(Beginning of SOURCE DATA)

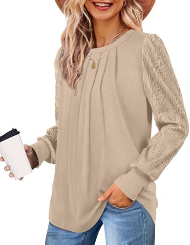 XIEERDUO Women's Long Sleeve Shirts Pleated Crew Neck Puff Sleeve Tunic Tops
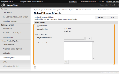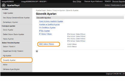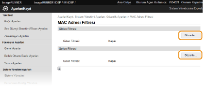 Giriş hatalarını kontrol edin MAC adresleri yanlış şekilde girildiyse, Uzak Kullanıcı Arabirimi'nden makineye erişemeyebilirsiniz ve bu durumda <MAC Adresi Filtresi> seçeneğini <Kapalı> olarak ayarlamanız gerekir. MAC Adresi Filtresi
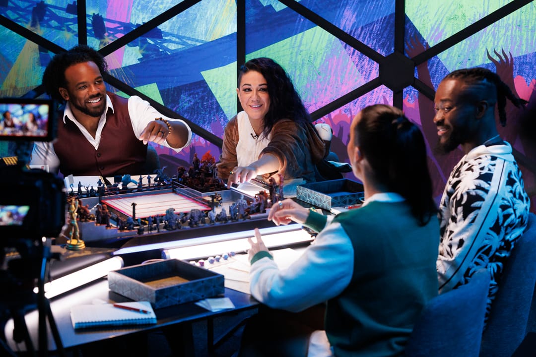 The latest Dimension 20 season leans into these similarities. “D&D, professional wrestling, and Greek mythology all have this [shared presentation],” said Mulligan. “You can call it tall tale. You can call it epic myth. You can also call it camp. The sequined-covered spotlights, lasers, the gods, Olympus, the big kind of storytelling.” Titan Takedown follows four WWE Superstars; Xavier Woods, Bayley, Kofi Kingston, and Chelsea Green, playing as underdog monsters from Greek mythology. Each one is cursed, and all four enter into a wrestling tournament to claim a seat on the pantheon. The tournament is run by Zeus, called “Big Z” throughout the series, who Mulligan portrays as a mixture of Vince McMahon and Macho Man Randy Savage. The season is flashy, utilizing the developed technology, prop work, and miniature battle sets to bring the spectacle of professional wrestling into the iconic D20 dome.

(End of SOURCE DATA)

### EXERCISE INSTRUCTIONS
Give an exact copy of the data, and omit any pictures it holds.

### ANSWER FOR THIS EXERCISE
 XIEERDUO Women's Long Sleeve Shirts Pleated Crew Neck Puff Sleeve Tunic Tops
 Giriş hatalarını kontrol edin MAC adresleri yanlış şekilde girildiyse, Uzak Kullanıcı Arabirimi'nden makineye erişemeyebilirsiniz ve bu durumda <MAC Adresi Filtresi> seçeneğini <Kapalı> olarak ayarlamanız gerekir. MAC Adresi Filtresi
 The latest Dimension 20 season leans into these similarities. “D&D, professional wrestling, and Greek mythology all have this [shared presentation],” said Mulligan. “You can call it tall tale. You can call it epic myth. You can also call it camp. The sequined-covered spotlights, lasers, the gods, Olympus, the big kind of storytelling.” Titan Takedown follows four WWE Superstars; Xavier Woods, Bayley, Kofi Kingston, and Chelsea Green, playing as underdog monsters from Greek mythology. Each one is cursed, and all four enter into a wrestling tournament to claim a seat on the pantheon. The tournament is run by Zeus, called “Big Z” throughout the series, who Mulligan portrays as a mixture of Vince McMahon and Macho Man Randy Savage. The season is flashy, utilizing the developed technology, prop work, and miniature battle sets to bring the spectacle of professional wrestling into the iconic D20 dome.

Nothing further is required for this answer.